Start of Block

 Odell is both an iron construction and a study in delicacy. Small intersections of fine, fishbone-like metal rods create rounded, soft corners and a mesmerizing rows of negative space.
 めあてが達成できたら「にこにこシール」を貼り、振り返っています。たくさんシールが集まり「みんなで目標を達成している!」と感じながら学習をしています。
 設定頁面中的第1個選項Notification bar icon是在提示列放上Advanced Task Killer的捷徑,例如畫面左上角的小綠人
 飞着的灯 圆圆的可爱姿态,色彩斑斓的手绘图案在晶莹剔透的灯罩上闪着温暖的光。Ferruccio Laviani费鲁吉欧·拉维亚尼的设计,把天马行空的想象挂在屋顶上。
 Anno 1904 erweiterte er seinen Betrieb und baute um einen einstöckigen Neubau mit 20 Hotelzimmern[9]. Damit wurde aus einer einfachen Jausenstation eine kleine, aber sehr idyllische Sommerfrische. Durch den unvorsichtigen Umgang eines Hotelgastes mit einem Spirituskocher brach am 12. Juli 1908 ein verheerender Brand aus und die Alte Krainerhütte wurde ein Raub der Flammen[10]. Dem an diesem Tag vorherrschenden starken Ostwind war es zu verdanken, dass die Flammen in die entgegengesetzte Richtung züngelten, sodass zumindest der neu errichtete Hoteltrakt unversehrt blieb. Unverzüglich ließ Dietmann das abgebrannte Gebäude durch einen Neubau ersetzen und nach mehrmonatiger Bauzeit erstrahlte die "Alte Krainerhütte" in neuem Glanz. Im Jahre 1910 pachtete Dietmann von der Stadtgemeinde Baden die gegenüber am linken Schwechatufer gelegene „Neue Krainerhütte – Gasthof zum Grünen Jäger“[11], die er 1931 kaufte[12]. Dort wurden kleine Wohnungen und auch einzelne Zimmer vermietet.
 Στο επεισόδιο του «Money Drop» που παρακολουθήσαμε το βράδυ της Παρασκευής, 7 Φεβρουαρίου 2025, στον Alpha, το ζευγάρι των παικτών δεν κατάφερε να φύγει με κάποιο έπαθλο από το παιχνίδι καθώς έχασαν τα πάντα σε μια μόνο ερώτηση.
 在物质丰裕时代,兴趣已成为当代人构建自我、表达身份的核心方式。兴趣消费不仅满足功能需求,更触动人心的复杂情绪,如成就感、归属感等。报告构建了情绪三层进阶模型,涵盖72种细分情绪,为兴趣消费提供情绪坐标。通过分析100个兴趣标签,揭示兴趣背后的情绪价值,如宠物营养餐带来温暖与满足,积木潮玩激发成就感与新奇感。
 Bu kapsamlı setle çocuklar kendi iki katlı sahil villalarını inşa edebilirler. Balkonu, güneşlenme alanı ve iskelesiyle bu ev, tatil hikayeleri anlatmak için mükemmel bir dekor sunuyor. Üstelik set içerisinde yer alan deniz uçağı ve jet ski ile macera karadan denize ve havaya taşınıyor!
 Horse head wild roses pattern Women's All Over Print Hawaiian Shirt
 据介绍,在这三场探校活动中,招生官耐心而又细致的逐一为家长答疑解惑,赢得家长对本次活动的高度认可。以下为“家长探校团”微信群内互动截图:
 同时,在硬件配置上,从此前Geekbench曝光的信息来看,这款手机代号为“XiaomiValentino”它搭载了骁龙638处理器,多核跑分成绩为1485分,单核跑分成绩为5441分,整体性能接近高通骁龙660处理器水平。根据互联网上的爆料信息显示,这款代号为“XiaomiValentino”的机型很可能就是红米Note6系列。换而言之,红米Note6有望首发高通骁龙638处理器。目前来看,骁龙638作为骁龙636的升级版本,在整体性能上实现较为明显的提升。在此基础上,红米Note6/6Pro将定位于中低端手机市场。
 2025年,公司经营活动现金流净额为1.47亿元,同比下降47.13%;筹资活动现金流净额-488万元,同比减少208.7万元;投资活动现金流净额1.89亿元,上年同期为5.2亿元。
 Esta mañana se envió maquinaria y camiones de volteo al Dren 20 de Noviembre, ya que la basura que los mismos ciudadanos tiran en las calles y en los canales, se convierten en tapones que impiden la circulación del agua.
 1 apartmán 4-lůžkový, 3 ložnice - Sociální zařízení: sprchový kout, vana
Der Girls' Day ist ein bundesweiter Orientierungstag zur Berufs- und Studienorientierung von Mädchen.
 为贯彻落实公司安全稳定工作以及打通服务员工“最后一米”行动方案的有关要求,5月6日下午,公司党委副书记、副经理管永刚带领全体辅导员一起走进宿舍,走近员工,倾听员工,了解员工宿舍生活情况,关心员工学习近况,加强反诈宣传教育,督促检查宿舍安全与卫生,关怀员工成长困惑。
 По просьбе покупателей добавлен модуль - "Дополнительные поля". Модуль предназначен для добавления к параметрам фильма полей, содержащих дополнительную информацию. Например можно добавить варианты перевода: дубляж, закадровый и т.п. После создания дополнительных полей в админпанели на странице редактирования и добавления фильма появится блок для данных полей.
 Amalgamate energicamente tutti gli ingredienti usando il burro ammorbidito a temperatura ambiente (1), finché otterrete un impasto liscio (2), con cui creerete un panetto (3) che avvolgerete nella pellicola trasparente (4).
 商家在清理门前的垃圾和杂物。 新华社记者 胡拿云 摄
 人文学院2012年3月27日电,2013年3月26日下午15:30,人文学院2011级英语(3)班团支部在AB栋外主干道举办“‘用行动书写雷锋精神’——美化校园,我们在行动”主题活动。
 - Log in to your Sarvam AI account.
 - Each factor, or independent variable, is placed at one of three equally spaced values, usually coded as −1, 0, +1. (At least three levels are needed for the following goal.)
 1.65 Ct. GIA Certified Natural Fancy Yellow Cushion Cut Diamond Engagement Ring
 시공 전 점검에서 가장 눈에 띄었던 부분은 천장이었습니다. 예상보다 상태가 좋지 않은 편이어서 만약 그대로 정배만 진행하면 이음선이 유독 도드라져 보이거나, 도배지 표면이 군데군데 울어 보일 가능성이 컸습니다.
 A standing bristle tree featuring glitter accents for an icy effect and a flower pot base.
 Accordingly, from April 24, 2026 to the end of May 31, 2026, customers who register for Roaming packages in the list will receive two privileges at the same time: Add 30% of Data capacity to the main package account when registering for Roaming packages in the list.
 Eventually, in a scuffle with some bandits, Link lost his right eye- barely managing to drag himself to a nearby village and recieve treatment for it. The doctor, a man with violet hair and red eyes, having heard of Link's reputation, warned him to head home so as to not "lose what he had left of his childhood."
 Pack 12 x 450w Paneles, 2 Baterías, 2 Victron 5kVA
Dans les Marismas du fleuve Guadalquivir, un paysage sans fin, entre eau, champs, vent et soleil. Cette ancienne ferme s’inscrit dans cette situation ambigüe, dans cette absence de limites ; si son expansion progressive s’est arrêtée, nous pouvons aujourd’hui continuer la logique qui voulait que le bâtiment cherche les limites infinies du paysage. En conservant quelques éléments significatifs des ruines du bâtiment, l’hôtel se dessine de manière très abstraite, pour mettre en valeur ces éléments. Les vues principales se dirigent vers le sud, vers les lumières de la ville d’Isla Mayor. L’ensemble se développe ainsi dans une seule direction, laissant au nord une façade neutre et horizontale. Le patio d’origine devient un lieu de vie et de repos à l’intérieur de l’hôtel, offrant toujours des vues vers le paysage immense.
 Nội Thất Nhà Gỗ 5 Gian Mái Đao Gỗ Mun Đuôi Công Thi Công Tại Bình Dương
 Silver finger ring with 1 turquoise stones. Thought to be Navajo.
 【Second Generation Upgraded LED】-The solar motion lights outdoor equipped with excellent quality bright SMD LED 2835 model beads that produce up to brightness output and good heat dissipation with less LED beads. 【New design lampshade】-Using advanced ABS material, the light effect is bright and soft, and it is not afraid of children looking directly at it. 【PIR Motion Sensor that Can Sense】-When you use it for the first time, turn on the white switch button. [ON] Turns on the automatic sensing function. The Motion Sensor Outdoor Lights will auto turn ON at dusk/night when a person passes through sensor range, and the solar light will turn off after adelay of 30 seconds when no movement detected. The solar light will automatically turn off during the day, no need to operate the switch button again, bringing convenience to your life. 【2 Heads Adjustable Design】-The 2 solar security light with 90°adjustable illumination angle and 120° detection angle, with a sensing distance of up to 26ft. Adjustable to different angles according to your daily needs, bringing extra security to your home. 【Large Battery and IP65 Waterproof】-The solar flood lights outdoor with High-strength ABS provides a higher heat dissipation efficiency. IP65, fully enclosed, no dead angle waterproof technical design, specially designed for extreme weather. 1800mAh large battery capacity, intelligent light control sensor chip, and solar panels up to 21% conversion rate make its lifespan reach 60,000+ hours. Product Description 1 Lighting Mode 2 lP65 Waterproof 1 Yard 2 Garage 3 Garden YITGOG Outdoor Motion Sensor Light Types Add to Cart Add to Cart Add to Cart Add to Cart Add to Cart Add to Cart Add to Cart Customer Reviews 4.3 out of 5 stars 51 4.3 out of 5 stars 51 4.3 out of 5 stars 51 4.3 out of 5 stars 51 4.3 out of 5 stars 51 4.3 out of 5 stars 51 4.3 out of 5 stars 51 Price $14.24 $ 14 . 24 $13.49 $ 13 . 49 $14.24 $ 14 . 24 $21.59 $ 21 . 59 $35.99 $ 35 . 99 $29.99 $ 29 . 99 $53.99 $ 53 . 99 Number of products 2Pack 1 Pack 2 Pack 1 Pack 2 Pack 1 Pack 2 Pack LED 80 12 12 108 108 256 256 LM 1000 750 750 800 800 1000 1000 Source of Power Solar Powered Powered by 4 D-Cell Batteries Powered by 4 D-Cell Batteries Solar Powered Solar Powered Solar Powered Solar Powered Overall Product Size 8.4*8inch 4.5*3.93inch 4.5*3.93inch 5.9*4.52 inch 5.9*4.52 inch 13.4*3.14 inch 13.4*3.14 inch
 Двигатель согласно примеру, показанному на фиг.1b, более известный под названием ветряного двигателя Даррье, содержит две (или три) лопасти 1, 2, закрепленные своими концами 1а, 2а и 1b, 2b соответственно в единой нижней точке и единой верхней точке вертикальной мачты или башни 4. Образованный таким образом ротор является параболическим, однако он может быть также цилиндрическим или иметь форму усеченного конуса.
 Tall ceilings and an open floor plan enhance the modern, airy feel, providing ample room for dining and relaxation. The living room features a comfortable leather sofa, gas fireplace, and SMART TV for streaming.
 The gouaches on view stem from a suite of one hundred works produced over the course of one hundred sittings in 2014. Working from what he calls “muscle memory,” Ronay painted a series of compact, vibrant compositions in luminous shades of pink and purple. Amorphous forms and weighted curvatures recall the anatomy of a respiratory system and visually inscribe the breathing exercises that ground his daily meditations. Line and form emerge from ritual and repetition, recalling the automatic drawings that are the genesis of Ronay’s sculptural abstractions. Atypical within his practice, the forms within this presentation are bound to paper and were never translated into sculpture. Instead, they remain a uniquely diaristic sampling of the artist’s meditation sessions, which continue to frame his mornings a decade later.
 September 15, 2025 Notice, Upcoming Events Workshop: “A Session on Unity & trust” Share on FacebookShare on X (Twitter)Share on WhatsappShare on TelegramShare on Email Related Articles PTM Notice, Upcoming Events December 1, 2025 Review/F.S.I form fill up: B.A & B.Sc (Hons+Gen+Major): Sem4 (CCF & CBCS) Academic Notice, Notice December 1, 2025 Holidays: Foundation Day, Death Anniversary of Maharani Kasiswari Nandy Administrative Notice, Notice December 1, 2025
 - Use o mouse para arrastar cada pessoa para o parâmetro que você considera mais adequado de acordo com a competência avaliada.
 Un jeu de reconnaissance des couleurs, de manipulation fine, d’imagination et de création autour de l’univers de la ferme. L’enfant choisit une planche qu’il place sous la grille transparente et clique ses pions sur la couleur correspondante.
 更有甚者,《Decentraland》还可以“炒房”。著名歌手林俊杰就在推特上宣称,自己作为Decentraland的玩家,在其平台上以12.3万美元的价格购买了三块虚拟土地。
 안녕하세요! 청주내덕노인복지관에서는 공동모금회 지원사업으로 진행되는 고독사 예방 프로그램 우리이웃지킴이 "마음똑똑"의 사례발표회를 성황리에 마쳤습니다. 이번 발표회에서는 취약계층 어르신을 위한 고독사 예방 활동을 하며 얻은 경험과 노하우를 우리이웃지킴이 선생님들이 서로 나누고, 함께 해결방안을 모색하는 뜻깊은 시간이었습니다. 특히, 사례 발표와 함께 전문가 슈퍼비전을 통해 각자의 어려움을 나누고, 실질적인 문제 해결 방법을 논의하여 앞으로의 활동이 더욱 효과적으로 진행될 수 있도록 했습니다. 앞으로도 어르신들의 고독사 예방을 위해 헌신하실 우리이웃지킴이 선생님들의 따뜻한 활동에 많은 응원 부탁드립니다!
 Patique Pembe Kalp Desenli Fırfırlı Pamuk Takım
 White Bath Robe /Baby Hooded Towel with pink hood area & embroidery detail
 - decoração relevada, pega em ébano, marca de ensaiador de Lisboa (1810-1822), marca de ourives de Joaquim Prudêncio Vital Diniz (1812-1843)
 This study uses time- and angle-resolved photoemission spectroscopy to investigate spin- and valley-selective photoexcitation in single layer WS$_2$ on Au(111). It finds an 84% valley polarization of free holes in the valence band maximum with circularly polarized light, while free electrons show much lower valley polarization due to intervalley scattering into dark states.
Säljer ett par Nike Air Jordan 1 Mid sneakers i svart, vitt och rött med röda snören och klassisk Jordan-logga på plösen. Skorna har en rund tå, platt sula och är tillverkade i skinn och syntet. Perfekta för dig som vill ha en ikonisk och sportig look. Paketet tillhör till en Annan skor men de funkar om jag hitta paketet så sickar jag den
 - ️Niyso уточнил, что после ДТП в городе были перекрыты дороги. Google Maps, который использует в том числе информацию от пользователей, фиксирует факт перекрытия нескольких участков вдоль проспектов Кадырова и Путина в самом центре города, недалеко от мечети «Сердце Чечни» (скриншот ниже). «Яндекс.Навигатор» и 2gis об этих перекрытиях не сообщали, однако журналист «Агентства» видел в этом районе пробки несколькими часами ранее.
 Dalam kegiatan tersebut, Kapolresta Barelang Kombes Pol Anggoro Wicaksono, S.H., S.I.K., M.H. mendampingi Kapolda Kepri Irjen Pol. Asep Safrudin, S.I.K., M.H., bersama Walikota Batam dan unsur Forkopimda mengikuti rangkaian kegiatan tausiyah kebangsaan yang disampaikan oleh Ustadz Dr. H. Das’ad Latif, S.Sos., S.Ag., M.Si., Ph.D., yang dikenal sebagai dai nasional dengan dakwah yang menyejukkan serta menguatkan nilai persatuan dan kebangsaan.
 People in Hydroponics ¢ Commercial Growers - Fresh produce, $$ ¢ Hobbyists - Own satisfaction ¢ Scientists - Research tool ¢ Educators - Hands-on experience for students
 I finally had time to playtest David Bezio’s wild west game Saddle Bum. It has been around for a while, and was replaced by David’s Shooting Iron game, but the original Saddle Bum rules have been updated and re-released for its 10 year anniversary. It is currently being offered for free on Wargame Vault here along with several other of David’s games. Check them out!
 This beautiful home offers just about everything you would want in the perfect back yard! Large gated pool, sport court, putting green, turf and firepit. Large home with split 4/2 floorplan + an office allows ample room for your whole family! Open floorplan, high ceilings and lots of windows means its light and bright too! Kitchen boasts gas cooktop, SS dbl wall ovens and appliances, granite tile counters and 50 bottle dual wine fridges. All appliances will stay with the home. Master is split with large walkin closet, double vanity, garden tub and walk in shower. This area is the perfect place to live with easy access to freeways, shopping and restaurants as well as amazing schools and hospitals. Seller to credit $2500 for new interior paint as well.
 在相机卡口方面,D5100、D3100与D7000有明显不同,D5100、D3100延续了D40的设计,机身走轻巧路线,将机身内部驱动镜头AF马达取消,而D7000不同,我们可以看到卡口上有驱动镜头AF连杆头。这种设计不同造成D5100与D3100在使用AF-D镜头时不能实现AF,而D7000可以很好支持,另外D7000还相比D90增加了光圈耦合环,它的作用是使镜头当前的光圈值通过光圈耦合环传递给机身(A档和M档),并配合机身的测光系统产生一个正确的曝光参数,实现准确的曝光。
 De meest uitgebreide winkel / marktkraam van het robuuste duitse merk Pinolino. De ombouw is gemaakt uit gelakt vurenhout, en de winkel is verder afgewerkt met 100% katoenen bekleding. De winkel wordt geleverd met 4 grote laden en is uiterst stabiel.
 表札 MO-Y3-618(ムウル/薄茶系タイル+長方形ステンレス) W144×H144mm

End of Block

# [What is expected]
Using the entries above, output exactly the lines between the line holding "A standing bristle" and the line holding "Pack 12 x 450w", end lines included, and nothing more.

# [Solution for this problem]
 A standing bristle tree featuring glitter accents for an icy effect and a flower pot base.
 Accordingly, from April 24, 2026 to the end of May 31, 2026, customers who register for Roaming packages in the list will receive two privileges at the same time: Add 30% of Data capacity to the main package account when registering for Roaming packages in the list.
 Eventually, in a scuffle with some bandits, Link lost his right eye- barely managing to drag himself to a nearby village and recieve treatment for it. The doctor, a man with violet hair and red eyes, having heard of Link's reputation, warned him to head home so as to not "lose what he had left of his childhood."
 Pack 12 x 450w Paneles, 2 Baterías, 2 Victron 5kVA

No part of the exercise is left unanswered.